◆ PROBLEM TO SOLVE
Exact copy, no pictures: take the lines of the listing below from the first through the one containing "render this as".

---

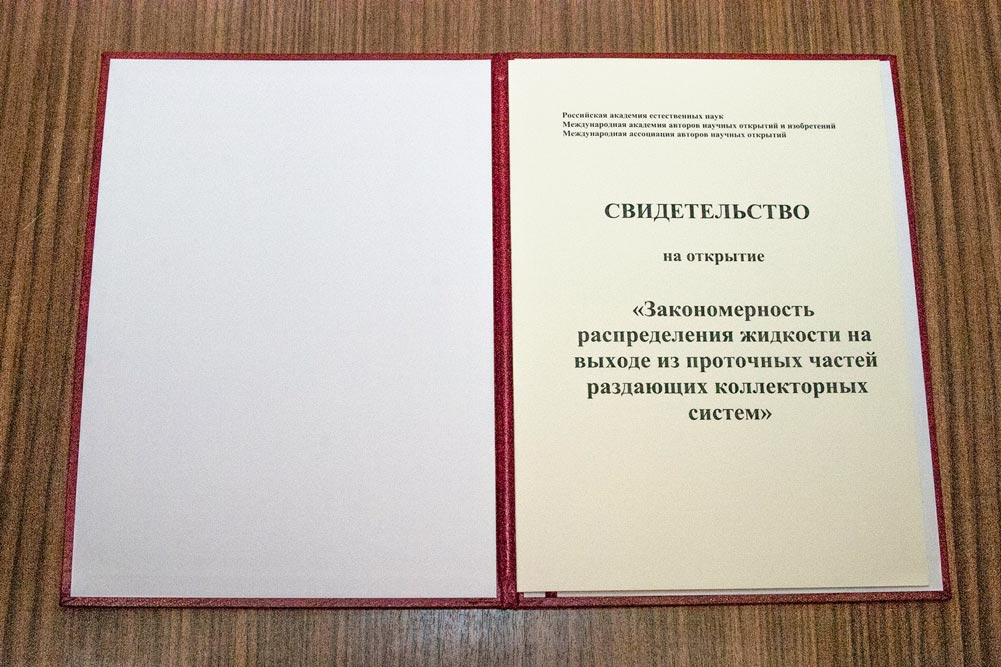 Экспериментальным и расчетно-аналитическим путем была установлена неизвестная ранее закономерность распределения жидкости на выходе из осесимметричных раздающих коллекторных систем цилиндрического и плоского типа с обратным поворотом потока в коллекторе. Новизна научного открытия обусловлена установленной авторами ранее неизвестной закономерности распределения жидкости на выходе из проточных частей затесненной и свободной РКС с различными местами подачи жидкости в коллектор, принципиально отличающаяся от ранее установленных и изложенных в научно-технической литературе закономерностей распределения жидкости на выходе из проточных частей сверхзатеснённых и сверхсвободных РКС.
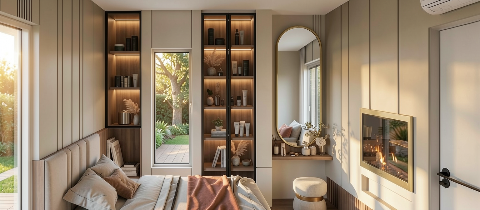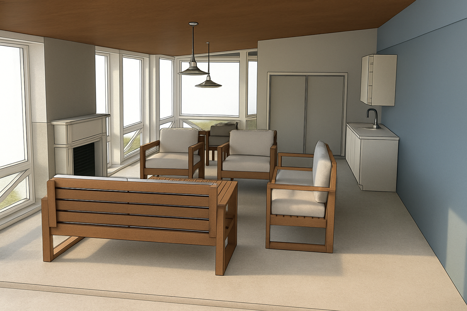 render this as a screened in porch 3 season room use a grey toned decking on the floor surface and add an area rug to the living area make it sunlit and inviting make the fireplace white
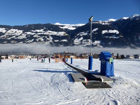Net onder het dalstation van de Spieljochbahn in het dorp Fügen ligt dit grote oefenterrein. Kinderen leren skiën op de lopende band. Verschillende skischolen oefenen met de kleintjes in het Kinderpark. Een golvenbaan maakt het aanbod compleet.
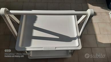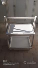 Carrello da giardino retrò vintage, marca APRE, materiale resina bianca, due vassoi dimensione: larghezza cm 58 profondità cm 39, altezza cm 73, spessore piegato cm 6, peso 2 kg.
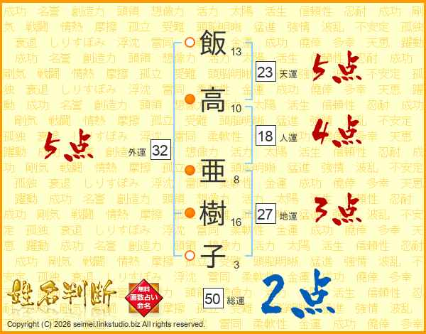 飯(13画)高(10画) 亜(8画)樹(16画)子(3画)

---

◆ TASK RESULT
 Экспериментальным и расчетно-аналитическим путем была установлена неизвестная ранее закономерность распределения жидкости на выходе из осесимметричных раздающих коллекторных систем цилиндрического и плоского типа с обратным поворотом потока в коллекторе. Новизна научного открытия обусловлена установленной авторами ранее неизвестной закономерности распределения жидкости на выходе из проточных частей затесненной и свободной РКС с различными местами подачи жидкости в коллектор, принципиально отличающаяся от ранее установленных и изложенных в научно-технической литературе закономерностей распределения жидкости на выходе из проточных частей сверхзатеснённых и сверхсвободных РКС.
 render this as a screened in porch 3 season room use a grey toned decking on the floor surface and add an area rug to the living area make it sunlit and inviting make the fireplace white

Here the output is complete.